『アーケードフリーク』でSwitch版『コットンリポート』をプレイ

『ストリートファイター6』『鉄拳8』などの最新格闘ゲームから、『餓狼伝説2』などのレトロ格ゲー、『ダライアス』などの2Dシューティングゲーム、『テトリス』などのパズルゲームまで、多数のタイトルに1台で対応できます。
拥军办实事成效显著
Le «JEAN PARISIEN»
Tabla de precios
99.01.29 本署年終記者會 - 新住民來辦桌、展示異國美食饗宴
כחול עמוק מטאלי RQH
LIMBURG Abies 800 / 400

• • • • •

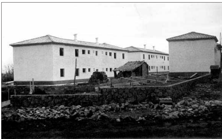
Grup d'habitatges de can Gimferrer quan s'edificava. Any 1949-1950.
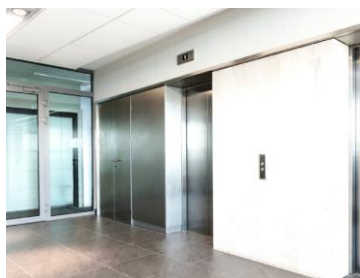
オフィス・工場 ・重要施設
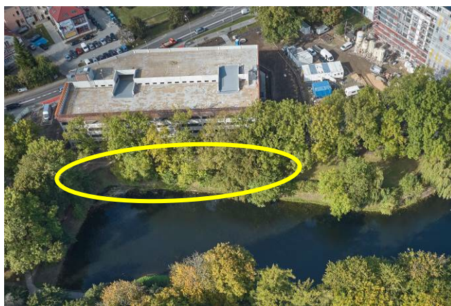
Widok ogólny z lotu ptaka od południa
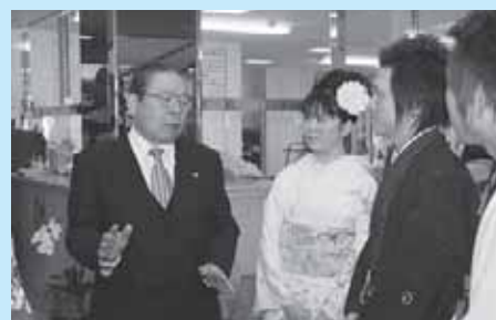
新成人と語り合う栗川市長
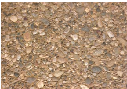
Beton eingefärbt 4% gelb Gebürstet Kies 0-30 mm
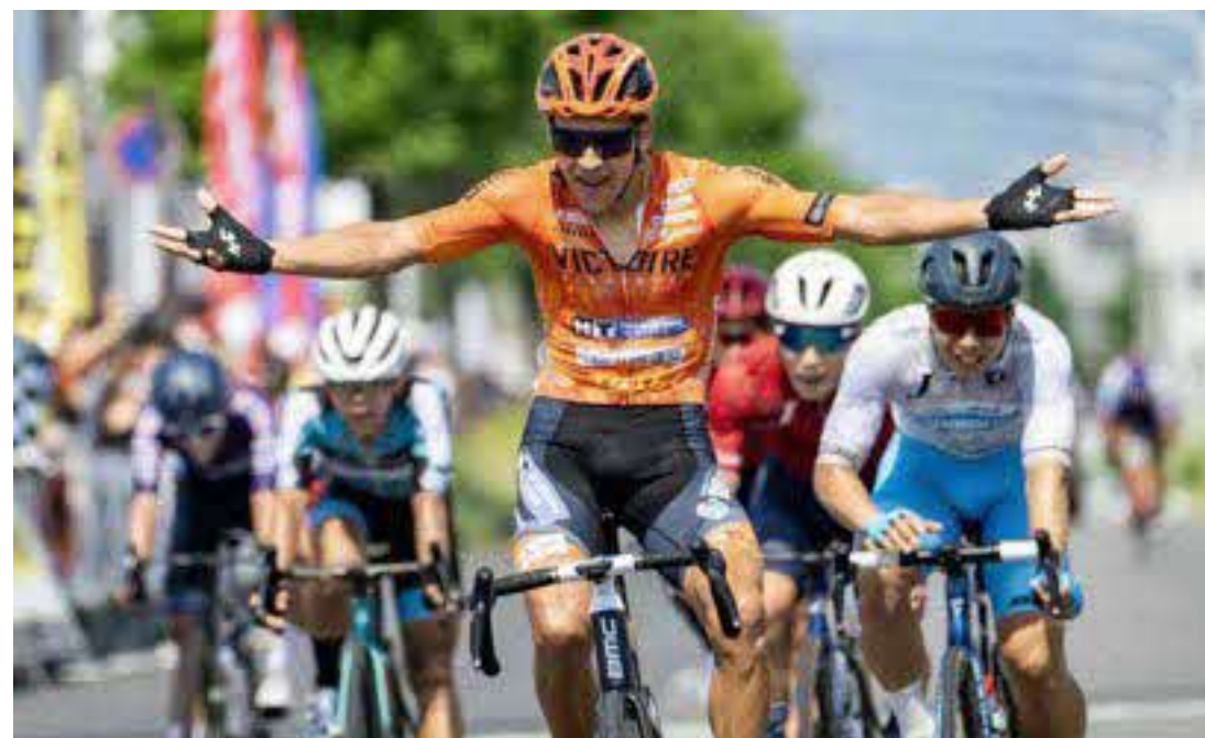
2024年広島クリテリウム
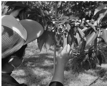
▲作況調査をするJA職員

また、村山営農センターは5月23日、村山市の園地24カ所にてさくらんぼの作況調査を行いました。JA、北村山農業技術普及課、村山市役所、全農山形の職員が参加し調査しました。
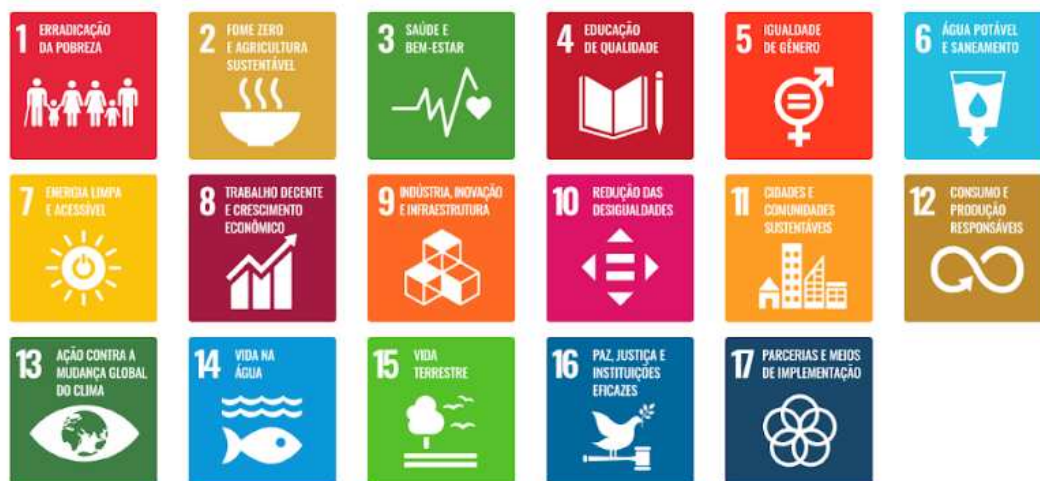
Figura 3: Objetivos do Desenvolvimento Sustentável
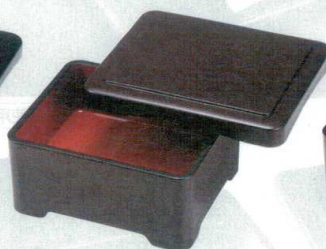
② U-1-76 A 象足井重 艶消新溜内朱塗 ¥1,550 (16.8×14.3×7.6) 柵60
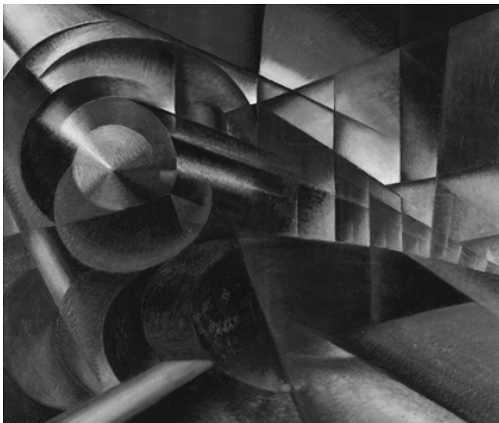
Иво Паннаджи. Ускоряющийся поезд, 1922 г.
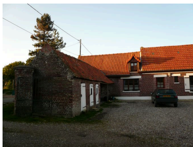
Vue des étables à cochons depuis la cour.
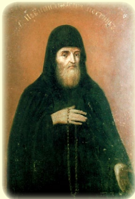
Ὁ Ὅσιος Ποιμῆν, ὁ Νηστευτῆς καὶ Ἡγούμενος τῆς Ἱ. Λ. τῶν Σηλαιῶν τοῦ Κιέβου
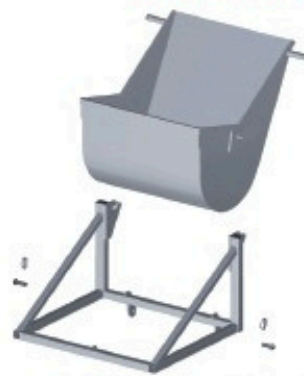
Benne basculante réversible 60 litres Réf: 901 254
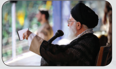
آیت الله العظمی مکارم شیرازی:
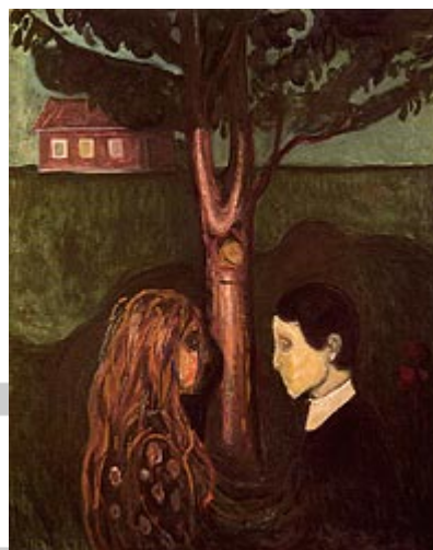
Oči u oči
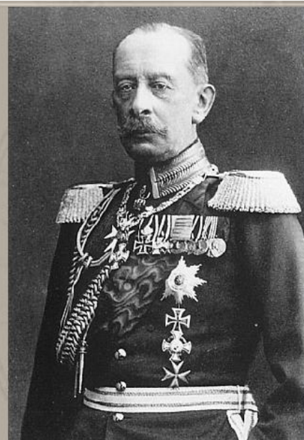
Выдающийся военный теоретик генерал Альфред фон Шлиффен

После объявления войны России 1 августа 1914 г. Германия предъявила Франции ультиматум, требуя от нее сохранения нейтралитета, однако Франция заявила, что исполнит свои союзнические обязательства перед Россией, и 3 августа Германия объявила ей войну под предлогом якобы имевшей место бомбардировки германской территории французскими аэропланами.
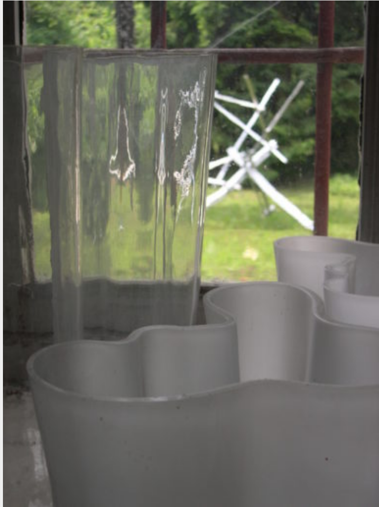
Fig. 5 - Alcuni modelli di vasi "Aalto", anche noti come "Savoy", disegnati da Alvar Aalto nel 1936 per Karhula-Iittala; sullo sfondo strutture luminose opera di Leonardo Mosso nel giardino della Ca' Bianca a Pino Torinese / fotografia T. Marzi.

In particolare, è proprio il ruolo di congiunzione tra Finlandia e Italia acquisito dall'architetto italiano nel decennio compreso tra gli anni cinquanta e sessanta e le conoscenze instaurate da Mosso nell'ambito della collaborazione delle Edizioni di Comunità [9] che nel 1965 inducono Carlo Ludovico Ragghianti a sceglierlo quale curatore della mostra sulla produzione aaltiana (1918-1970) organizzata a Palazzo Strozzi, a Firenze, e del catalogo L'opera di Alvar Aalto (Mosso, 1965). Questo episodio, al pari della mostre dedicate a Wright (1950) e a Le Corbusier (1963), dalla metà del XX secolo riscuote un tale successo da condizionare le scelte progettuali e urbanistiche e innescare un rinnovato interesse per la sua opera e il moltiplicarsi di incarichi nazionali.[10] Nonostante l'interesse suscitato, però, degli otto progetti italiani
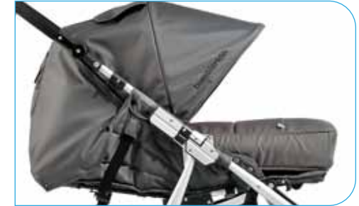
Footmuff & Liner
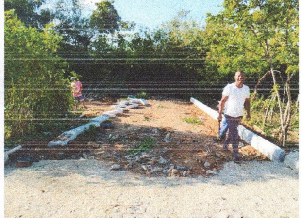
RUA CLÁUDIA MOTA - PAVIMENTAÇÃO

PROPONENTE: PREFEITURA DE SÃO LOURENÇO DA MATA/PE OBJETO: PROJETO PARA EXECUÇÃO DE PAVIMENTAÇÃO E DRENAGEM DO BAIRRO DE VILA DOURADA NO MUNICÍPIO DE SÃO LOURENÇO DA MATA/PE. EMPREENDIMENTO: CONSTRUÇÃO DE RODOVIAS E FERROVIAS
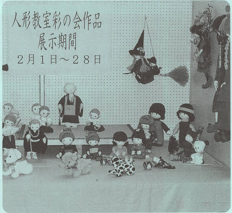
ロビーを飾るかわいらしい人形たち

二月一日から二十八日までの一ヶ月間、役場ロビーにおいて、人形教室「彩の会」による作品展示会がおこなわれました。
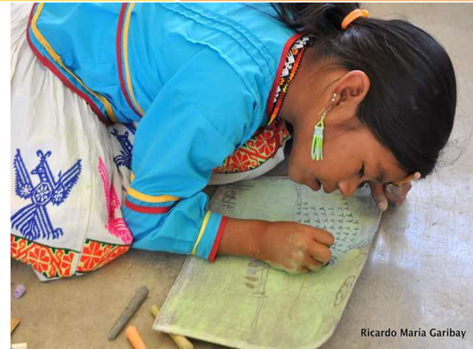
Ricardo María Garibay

• • • • •

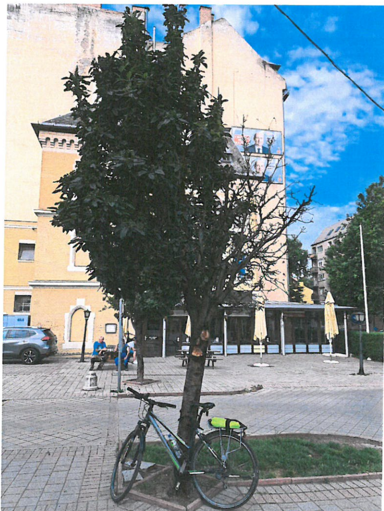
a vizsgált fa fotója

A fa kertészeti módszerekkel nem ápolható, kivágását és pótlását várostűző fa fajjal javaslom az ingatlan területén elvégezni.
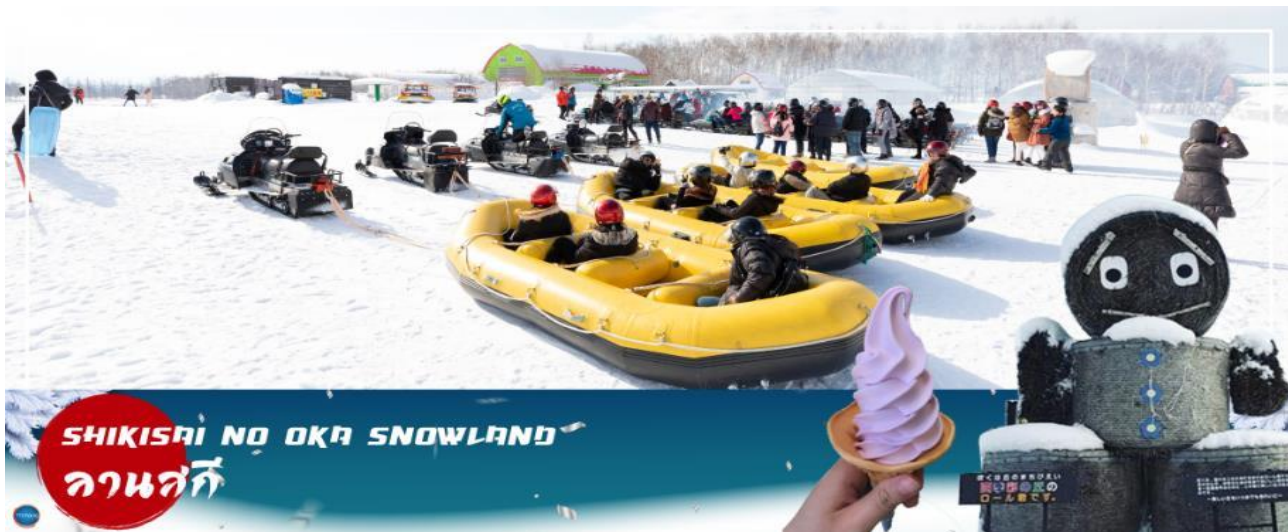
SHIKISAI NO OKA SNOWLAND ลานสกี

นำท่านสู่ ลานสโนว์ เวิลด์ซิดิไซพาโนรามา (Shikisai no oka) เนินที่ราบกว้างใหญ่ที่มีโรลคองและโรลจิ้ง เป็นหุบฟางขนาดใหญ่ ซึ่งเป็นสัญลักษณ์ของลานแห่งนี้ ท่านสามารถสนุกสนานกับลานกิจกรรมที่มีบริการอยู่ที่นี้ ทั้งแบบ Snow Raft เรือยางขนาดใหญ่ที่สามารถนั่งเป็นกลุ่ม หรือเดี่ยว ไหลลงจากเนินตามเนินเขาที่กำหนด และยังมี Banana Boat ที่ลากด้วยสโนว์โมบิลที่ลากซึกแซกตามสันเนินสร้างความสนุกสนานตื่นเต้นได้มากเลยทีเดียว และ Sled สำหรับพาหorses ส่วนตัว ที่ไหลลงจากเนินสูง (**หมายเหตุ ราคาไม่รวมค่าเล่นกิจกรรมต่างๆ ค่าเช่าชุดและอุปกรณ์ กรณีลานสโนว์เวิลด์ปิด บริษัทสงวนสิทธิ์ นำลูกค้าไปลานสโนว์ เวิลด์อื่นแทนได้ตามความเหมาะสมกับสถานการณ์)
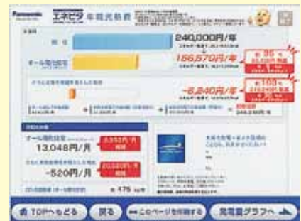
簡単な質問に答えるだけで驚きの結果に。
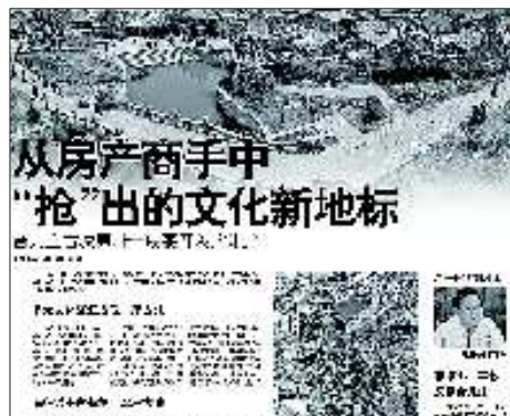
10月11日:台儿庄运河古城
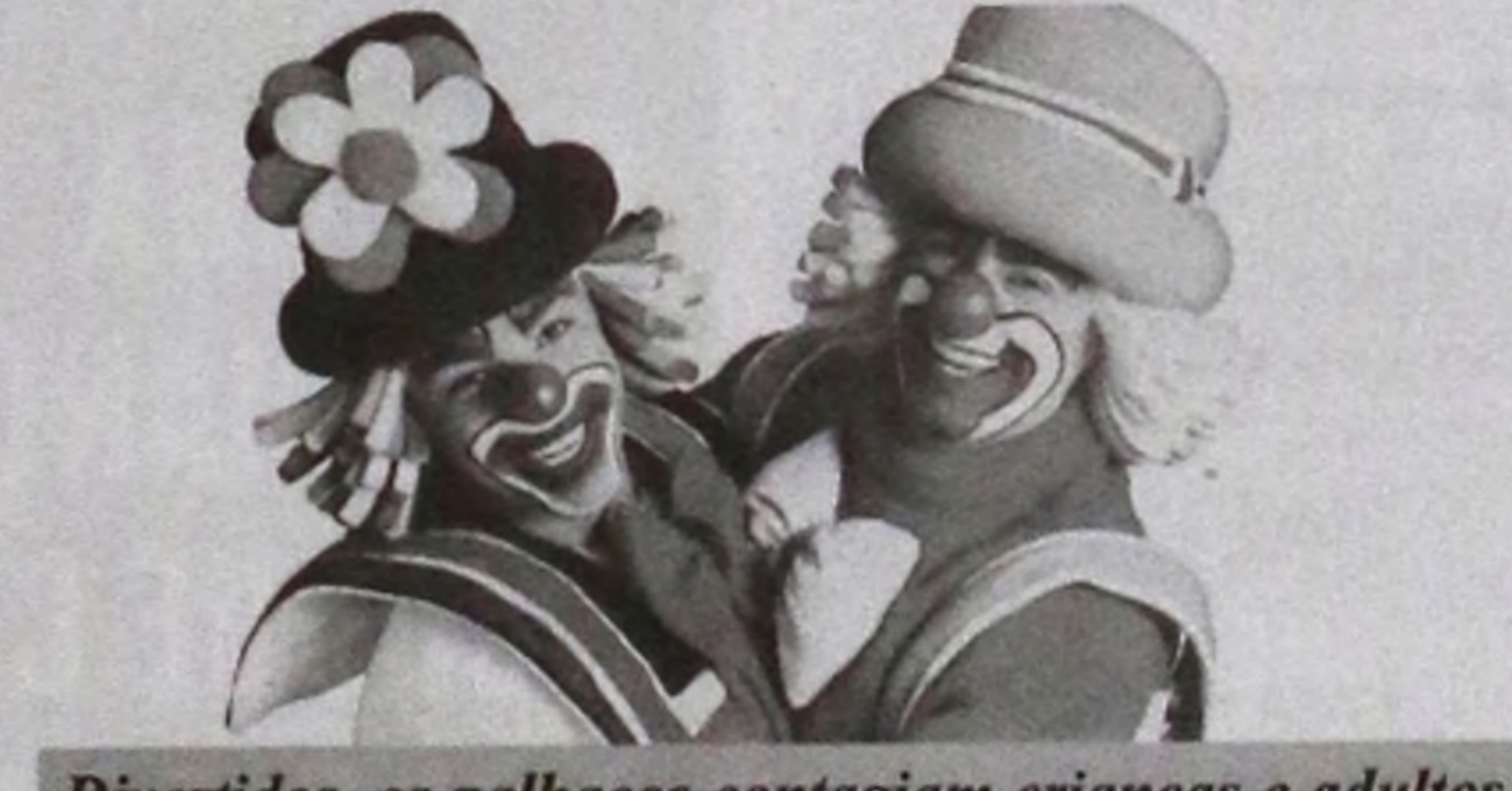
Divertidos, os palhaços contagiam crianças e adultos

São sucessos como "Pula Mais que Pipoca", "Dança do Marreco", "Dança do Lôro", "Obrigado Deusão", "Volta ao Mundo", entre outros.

• • • • •

◆ **TASK TO CARRY OUT**
Could you return all lines from the records that include the word "Aalto"?

◆ **OUTPUT OF THE TASK**
Fig. 5 - Alcuni modelli di vasi "Aalto", anche noti come "Savoy", disegnati da Alvar Aalto nel 1936 per Karhula-Iittala; sullo sfondo strutture luminose opera di Leonardo Mosso nel giardino della Ca' Bianca a Pino Torinese / fotografia T. Marzi.
In particolare, è proprio il ruolo di congiunzione tra Finlandia e Italia acquisito dall'architetto italiano nel decennio compreso tra gli anni cinquanta e sessanta e le conoscenze instaurate da Mosso nell'ambito della collaborazione delle Edizioni di Comunità [9] che nel 1965 inducono Carlo Ludovico Ragghianti a sceglierlo quale curatore della mostra sulla produzione aaltiana (1918-1970) organizzata a Palazzo Strozzi, a Firenze, e del catalogo L'opera di Alvar Aalto (Mosso, 1965). Questo episodio, al pari della mostre dedicate a Wright (1950) e a Le Corbusier (1963), dalla metà del XX secolo riscuote un tale successo da condizionare le scelte progettuali e urbanistiche e innescare un rinnovato interesse per la sua opera e il moltiplicarsi di incarichi nazionali.[10] Nonostante l'interesse suscitato, però, degli otto progetti italiani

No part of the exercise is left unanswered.